*Exercise requirements*
Each line between the one holding "I used several" and the end of the material below, both included, is to be transcribed word for word, with pictures left out.

*Information supplied*
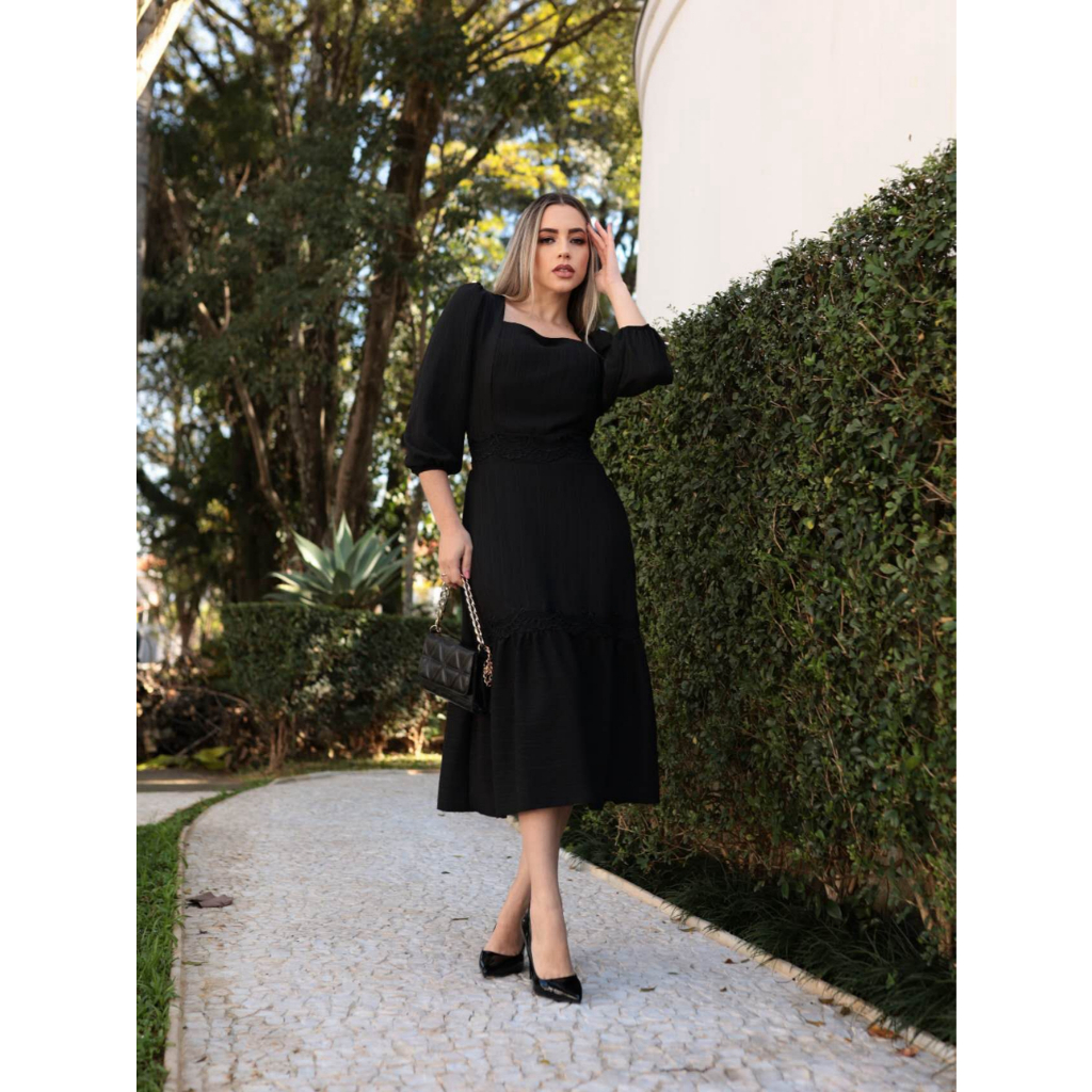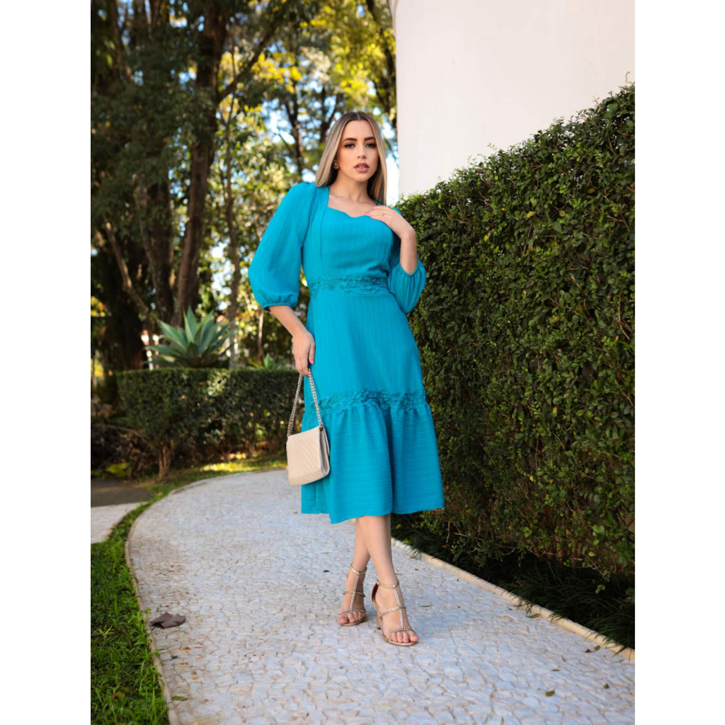 L.L.MODAS FEMININA vestido feminina social midi com detalhes gripir /manga3/4/moda evangelica
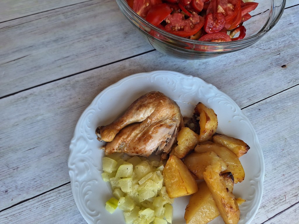 LCHF: praženo piščančje meso s porom in paradižnikom, ohrovt v solati
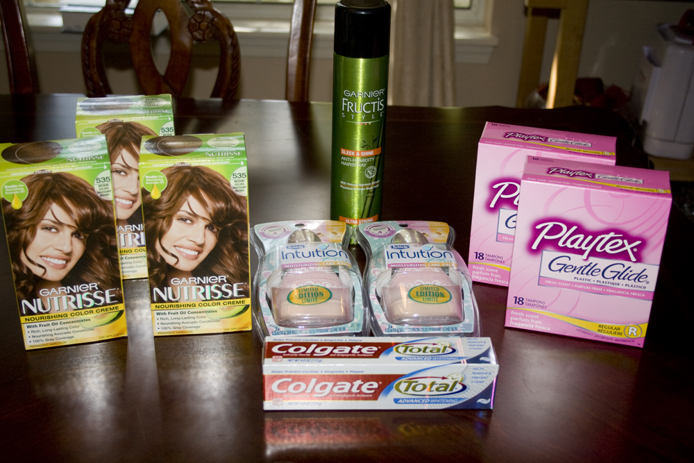 I used several coupons from my newspapers ($3 off each of the hair color, $1 off the hairspray) and printed others ($2 each box of tampons and Facebook gave me coupons for $4 off each of the razors…and they were buy-one-get-one-free). You can see all the scenarios at my fav couponing site – www.fabulesslyfrugal.com
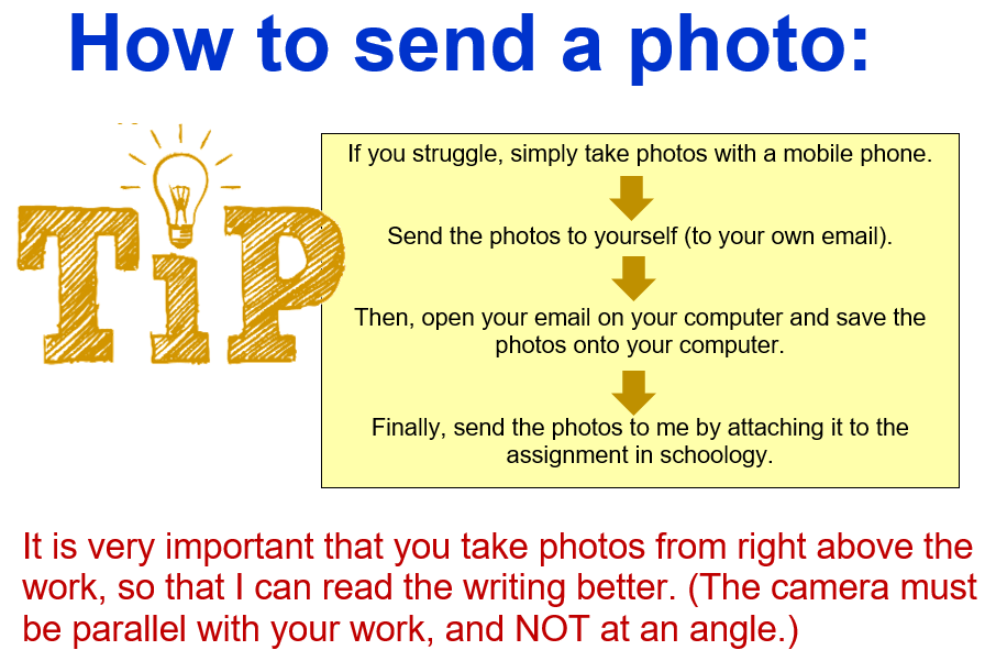 Remember to send your “assignment” to me in Schoology!! ONLY SEND ME A PHOTO OF WHAT I ASKED FOR!! Also, your work must not be submitted late.. as this may result in half marks or even in zero…!!

*Response below*
 I used several coupons from my newspapers ($3 off each of the hair color, $1 off the hairspray) and printed others ($2 each box of tampons and Facebook gave me coupons for $4 off each of the razors…and they were buy-one-get-one-free). You can see all the scenarios at my fav couponing site – www.fabulesslyfrugal.com
 Remember to send your “assignment” to me in Schoology!! ONLY SEND ME A PHOTO OF WHAT I ASKED FOR!! Also, your work must not be submitted late.. as this may result in half marks or even in zero…!!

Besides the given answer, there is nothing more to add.